*** Block opens ***

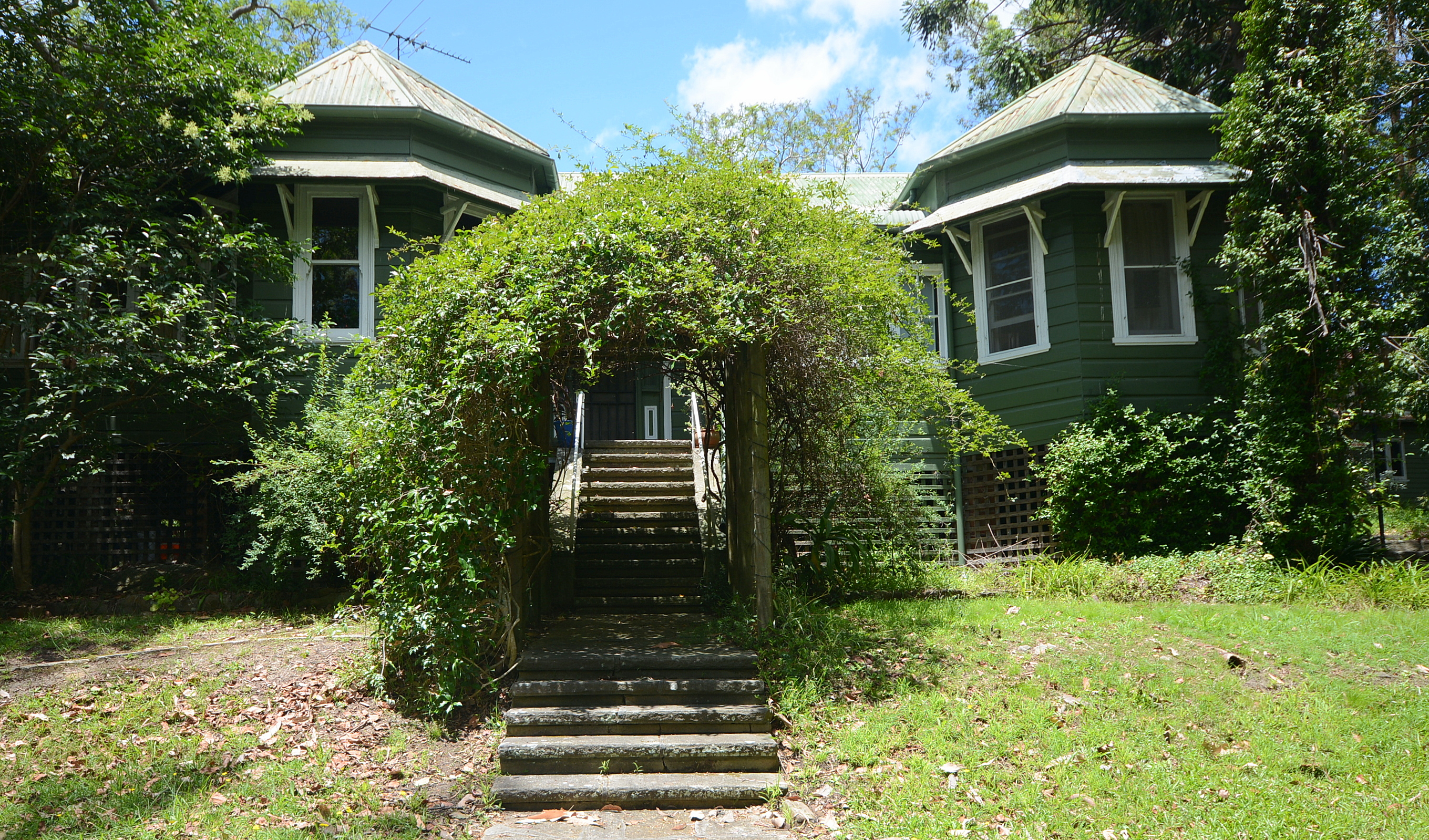 Coringah, former home of Edgeworth David, Edgeworth David Garden, Hornsby, Sydney
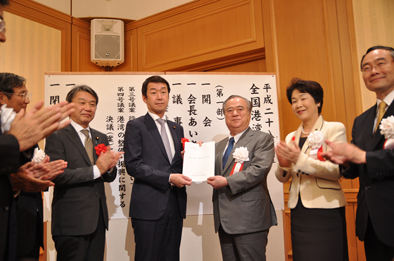 Ryōsei Tanaka, Senior Vice-Minister of Land, Infrastructure, Transport and Tourism, and Yasutada Ōno, Parliamentary Secretary of Land, Infrastructure, Transport and Tourism, met Masaru Hashimoto, President of the National Governors' Association for Ports and Harbours at the Hotel Le Port Kojimachi in Chiyoda Ward, Tōkyō Metropolis on October 11, 2016.
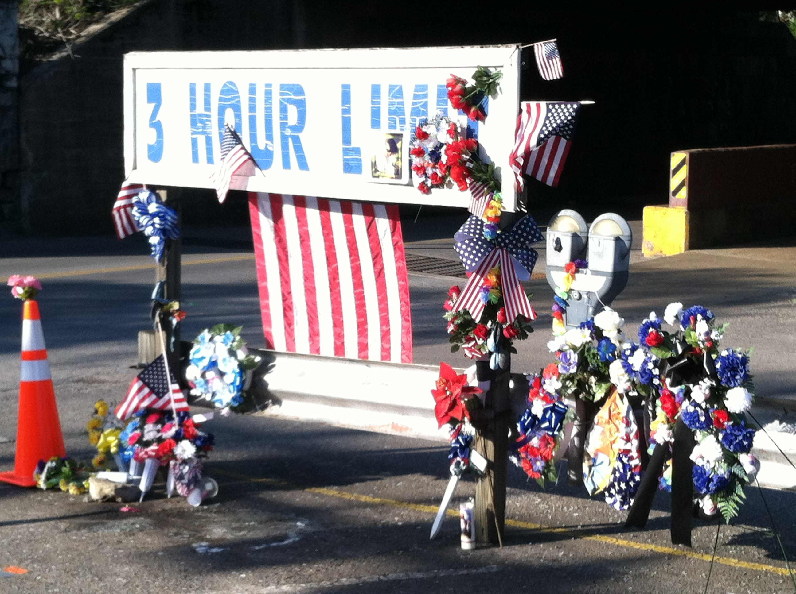 This is a picture of the parking lot where Eugene Crum was killed. It now serves a temporary memorial.

*** Block closes ***

:: What you should do ::
The entire listing above, word for word and without pictures, is what should be output.

:: Solution to the exercise ::
 Coringah, former home of Edgeworth David, Edgeworth David Garden, Hornsby, Sydney
 Ryōsei Tanaka, Senior Vice-Minister of Land, Infrastructure, Transport and Tourism, and Yasutada Ōno, Parliamentary Secretary of Land, Infrastructure, Transport and Tourism, met Masaru Hashimoto, President of the National Governors' Association for Ports and Harbours at the Hotel Le Port Kojimachi in Chiyoda Ward, Tōkyō Metropolis on October 11, 2016.
 This is a picture of the parking lot where Eugene Crum was killed. It now serves a temporary memorial.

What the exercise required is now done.